## WHAT THE EXERCISE ASKS
The response should repeat word for word every line below from the one with "The X Window System • This" to the one with "การปฏิบัติงานของ หมวดทางหลวง และ", inclusive, and nothing else; leave pictures out.

## PROVIDED INFORMATION
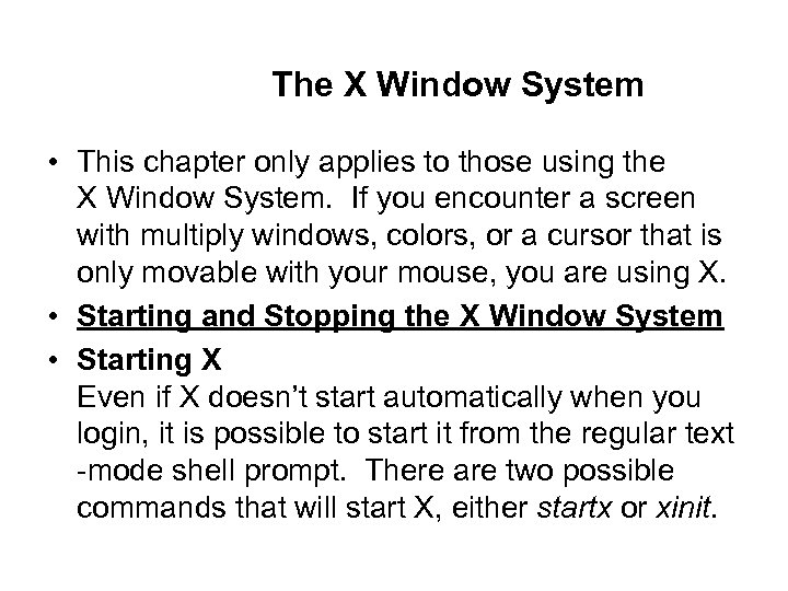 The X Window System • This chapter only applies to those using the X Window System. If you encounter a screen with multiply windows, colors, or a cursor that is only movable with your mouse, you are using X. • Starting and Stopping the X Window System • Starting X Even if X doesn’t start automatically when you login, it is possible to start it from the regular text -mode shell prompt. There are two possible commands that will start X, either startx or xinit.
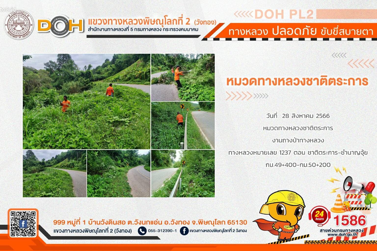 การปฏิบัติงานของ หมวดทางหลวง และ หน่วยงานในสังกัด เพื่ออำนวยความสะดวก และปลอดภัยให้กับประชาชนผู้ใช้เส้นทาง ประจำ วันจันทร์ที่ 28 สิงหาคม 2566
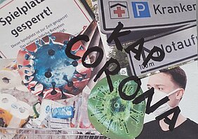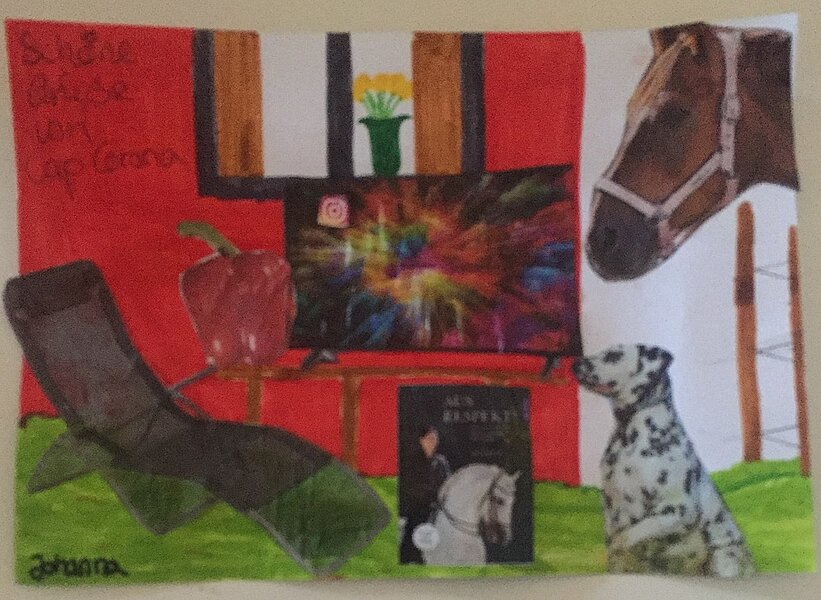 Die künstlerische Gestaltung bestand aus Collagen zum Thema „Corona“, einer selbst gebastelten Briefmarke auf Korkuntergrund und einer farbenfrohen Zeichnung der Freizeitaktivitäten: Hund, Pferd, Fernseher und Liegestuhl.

==

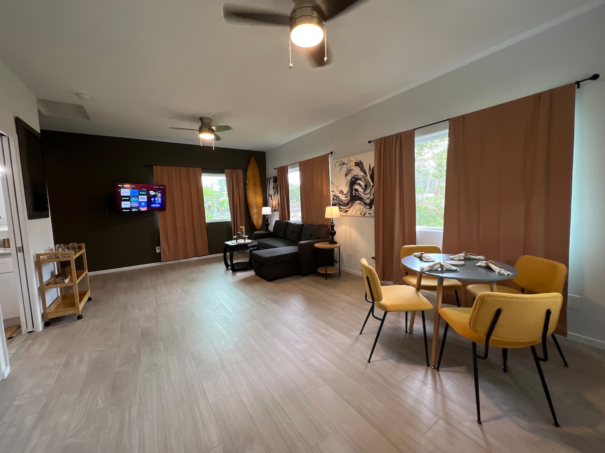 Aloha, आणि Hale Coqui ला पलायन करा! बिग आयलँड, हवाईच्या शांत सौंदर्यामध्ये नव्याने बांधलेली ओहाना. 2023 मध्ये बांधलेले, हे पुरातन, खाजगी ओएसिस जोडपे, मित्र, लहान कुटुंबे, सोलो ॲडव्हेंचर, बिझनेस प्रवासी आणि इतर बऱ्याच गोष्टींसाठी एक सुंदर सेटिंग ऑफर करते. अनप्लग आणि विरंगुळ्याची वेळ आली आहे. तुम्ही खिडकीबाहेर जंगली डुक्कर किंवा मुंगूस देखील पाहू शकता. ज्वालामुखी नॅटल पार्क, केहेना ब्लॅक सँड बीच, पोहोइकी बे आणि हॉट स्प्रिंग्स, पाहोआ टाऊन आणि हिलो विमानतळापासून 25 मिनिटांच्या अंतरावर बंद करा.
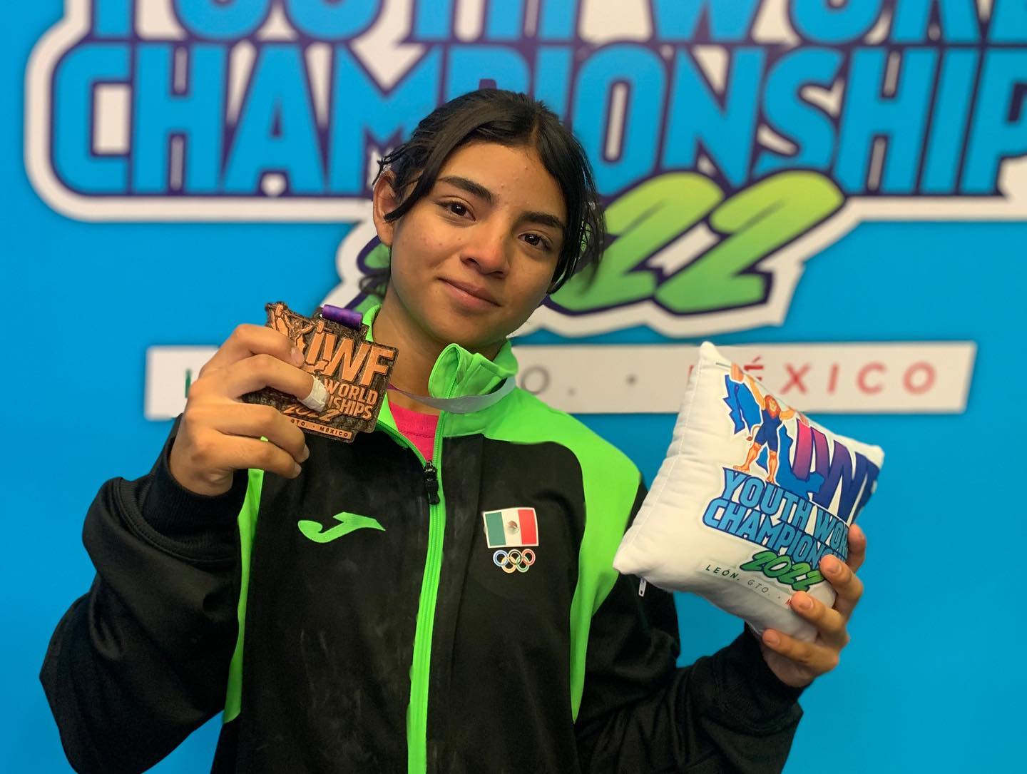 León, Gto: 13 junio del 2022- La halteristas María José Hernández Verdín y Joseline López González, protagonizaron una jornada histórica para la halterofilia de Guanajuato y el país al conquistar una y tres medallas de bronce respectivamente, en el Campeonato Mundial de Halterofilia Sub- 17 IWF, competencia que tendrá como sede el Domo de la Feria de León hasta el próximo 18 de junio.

## EXERCISE SOLUTION
 The X Window System • This chapter only applies to those using the X Window System. If you encounter a screen with multiply windows, colors, or a cursor that is only movable with your mouse, you are using X. • Starting and Stopping the X Window System • Starting X Even if X doesn’t start automatically when you login, it is possible to start it from the regular text -mode shell prompt. There are two possible commands that will start X, either startx or xinit.
 การปฏิบัติงานของ หมวดทางหลวง และ หน่วยงานในสังกัด เพื่ออำนวยความสะดวก และปลอดภัยให้กับประชาชนผู้ใช้เส้นทาง ประจำ วันจันทร์ที่ 28 สิงหาคม 2566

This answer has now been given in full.